To the east, between the undulating ruins of factories and beckoning residences, the view toward the lake was clear. The sky above was robed in black, adorned with brilliantly striped and mottled spheres. On the path from the lake came a crowd; ahead of them strode the being that was Berols’ Anna. No one else shone and shimmered like she did. At her side walked Ulla, back straight, eyes gleaming.
Berols’ Anna opened her mouth and spoke, and her voice billowed through the air: the voice that had once written the Plant House books, the voice that both mastered matter and belonged to it. She had come to fulfill her promise.
Berols’ Anna stopped in front of Vanja where she stood in Nina’s embrace. The brightening light from above had not made her features easier to discern; it merely made them glow more strongly than ever. Her eyes mirrored a different landscape than the one they occupied.
“Will you give yourself to the world?”
Anna’s voice crashed into Vanja’s body like a wave, making her gasp for breath. That’s what Vanja was supposed to do. Vanja said it, that she gave herself, that she surrendered, everything she was. A string of syllables dribbled out of her mouth, flat and nonsensical.
Berols’ Anna watched Vanja in silence, her hair floating around her like a living thing. After a moment, she grunted. “A person creates the word. Gives in to the world, and
becomes the word.” It sounded like a sigh. “You have no words. You have been separated.”
Separated from her words. The world was built on a new language, and she would not be part of it, only an observer, a watcher.

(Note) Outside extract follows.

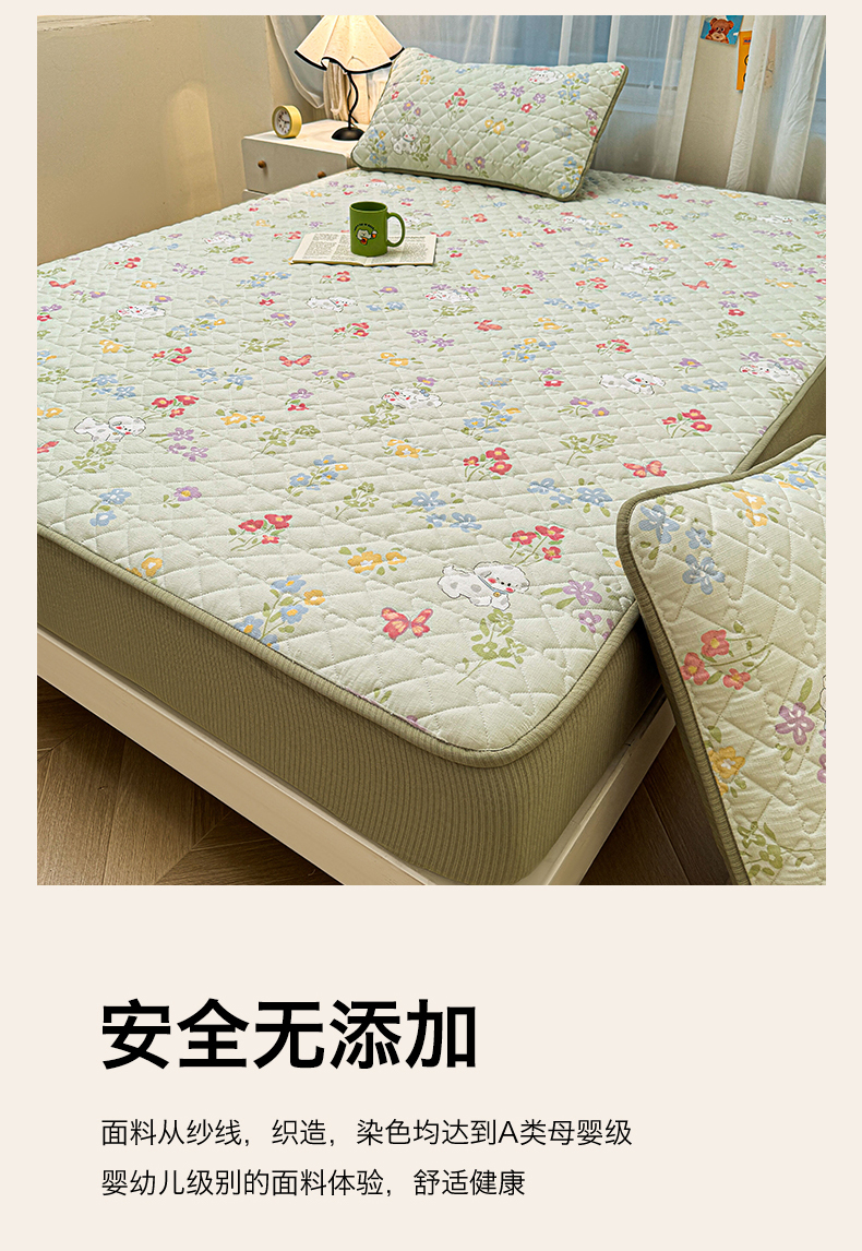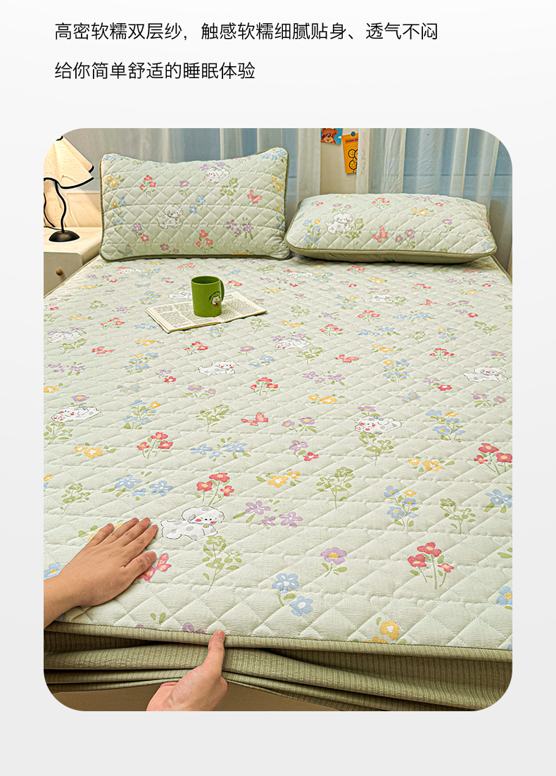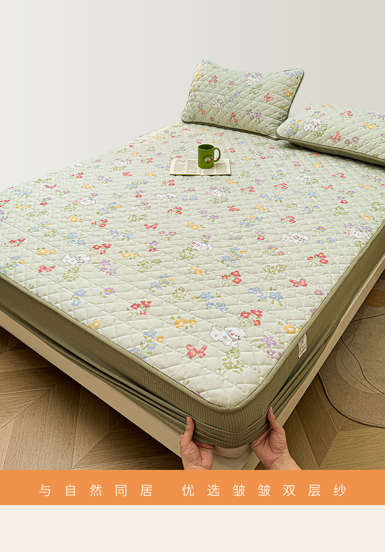 (总)雯豆家纺 2025新款复古风皱皱棉印花夹棉床笠三件套加厚床垫保护套,小南瓜,春日小狗,初夏,浪漫花语,爱尔蓝,初心,蝴蝶结小猫,花小愈,可爱TK,快乐萌宝,快乐时光,毛球团团,蘑菇仙子,奶萌小狗,小苍兰

Berols’ Anna turned her head and gazed out on the chaos. “When all of this has become, you will remain; the people like you will remain, all of you, as you are, separate. But we will carry you.” She stroked Vanja’s cheek. “We will always carry you, little herald.”
An observer, a watcher, but beloved. Nina would be with her; Anna would be with her.
Vanja watched as Anna drifted toward the commune office, the only building still standing in the middle of the chaos. It looked out of place, no longer with any meaning, surrounded now by the citizens of Anna’s colony. Terrified faces stared out from the windows. Berols’ Anna and her people settled down to wait.
—
Nina and Vanja stayed where they were. They watched from a distance as Berols’ Anna and her people sang to the last citizens of Amatka, invited them to take part of the new world or perish with the old. It was something like “The Marking Song,” but the words were different; it was a song of making and unmaking, a song not of things that were, but that could be.
Nina folded Vanja into her arms. She still smelled the same. The heat made Vanja drowsy.
She was wrenched from her torpor when Nina stretched and seemed to pull herself together.
“Now,” Nina said, “I’m fetching my children from Essre.”
She walked out onto the southern part of the plaza. Some kind of communication beyond hearing must have taken place, because from everywhere people came drifting into the plaza. They shone, flew, undulated. They filed out of the colony’s ruins, toward the railway in the southwest.
Vanja hung on to Nina’s hand. Her right leg wouldn’t quite carry her weight, and her bare feet had lost their warmth, but she kept walking. She would walk with them for as long as she could, and when she could walk no more, they would carry her. They all followed the railway south. It thrilled and sang beneath their feet.